I originally wrote this to describe mushcode to a few programming friends to help explain why I think learning MUSHcode as well as I did considerably aided my understanding of programming in many fields. It started off a simple summary, then an endless loop of: "I should expand on that ... I should explain this ... This could probably use clarification ..." and so ended up with this. =)

What's interesting is just how amazingly complicated it gets, and yet once you've got a solid grasp of all these ideas, they fairly directly apply to parallel and concurrent programming.

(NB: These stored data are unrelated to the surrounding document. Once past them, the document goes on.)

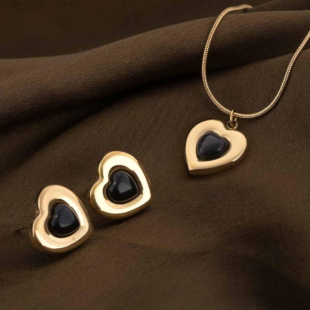 A charming jewellery set with an exquisite heart pendant and a matching pair of earrings to enhance your style.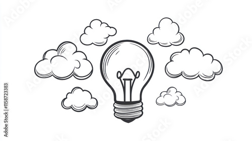 Hand-drawn lightbulb illustration with clouds, symbolizing ideas and inspiration.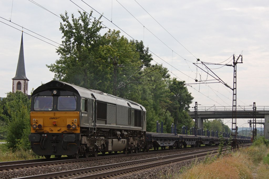 MRCE 653-09 am 15.8.12 mit einem leeren Schwellenzug in Thüngersheim.

Premises: A mush is basically a large world with lots of objects (rooms, players, things, exits (that go from one room to another)) in it. On an active mush, a large number of those things will probably have commands in one or more of the 'queue's. A number of issues are in force here:

* Permission: Does object A have permission to affect object B?
* Message passing: called 'pemiting' - sending text to other objects.
* Concurrency: If object A is doing something to object C, and object B destroys C (or otherwise makes something happen that invalidates A's operation), what happens? Or worse, B destroys A?
* Object A sends a message to object B. What happens then?

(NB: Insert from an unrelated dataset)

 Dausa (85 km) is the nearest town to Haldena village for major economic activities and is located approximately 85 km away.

So there are three different language parsers in a mush. (Four if you count SQL, but we'll leave that out for now.) They are:

- The command parser.
- The function parser.
- The locks. (These handle permissions)

In addition to this, there is:

- Everything is a string.
- Attributes. MUSH's version of variables
- The command queues.
- Queue Entries.
- Command *lists*. Not related to the queue.
- The name matcher. (Given the string "Walker", find what is meant by that.)
- The command matcher. (Given the string "+who", what object has the code that runs it?)
- 'pemit' messages and "listening"
- Semaphores and @waits (kinda like a "sleep 10 ; echo hi" in bash)

(I may be leaving a few things out, but I've got the gist of it).

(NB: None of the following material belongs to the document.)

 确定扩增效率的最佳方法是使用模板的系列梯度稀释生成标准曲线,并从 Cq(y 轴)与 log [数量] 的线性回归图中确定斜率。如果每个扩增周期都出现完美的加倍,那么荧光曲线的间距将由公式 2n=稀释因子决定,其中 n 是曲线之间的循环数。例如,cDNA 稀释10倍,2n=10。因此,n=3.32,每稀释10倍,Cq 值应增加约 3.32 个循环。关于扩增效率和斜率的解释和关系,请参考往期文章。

Complicated yet? Let's dive into those. I've known accomplished programmers to break down and go mad when faced with these things. (Granted, those are typically the ones who learned only one paradigm so they're lost without it. And it often helps them hugely with programming in other languages if they put time into learning mushcode.)

Basically: "Commands do things. Functions return things." For experienced programmers: Functions cannot have side effects. Commands can. (Reality: A number of functions do have side effects, but this isn't what I want to duplicate.)

Because mush engines are single threaded, we have queues. Every time a command needs to be run, it gets inserted into one of the queues, and are processed FIFO. Player queue entries have higher priority over object queue entries. In addition, there's a faux "socket queue" - commands given directly by a player are run directly, and not inserted to the queue. (Though that command may itself insert things to the queues.)

Some truisms:
* All players are objects.
* Functions are called to generate output that something else can use. No function is called without either a command or an event (that sends a message) being triggered.
* Commands are caused by three things: Other commands, a player, a trigger, or an event.
* Every command has an enactor (The object who caused the command to run) and an executor (The object who is executing the command). These are important for permissions.

Some conventions:
* Typical programming commands begin with "@" while world-interaction or simpler commands don't. e.g: "@switch" "@pemit" "@create", compared to "think", "say", "look". They are often called @-commands when dealing with them in a programming method.
* Command arguments are typically separated by = for a command with two arguments, and the 'right hand' side might be further separated by commas.
* Commands that are built into the server are called "hardcoded" commands. Commands made using mushcode are called "softcoded commands".
* Similarly: "softcode" is another name for mushcode. "hardcode" refers to C and hacking the server source.

Some caveats:
* A few things behave differently when executed as a command from the socket compared to a queued "object command". Most importantly: setting attributes when "&" - When run directly (socket), the value isn't evaluated. When run from the queue, the value *is* evaluated.
* Text received from the player socket is run directly as a command. It is not a command list, so ";"s do not split commands.

Everything is a string.

Yup. It's all in how you treat it. add(1,1) returns 2, but it's still a string. There's nothing stopping you from calling add(1,hello) other than that it'll complain at you for not using a number where you should be. There's no 'string' type that you designate with quotes. No float type you designate with 1.0f. etc.

Objects

An object has an identifier ('dbref'), name, attributes, locks, flags and a few relationships with other objects: Owner, parents (very similar to inheritance in programming), location, contents (it can contain objects), and 'home' (where it belongs).
Of most import here are the identifier, locks and attributes. Flags can be considered to be part of locks/permissions.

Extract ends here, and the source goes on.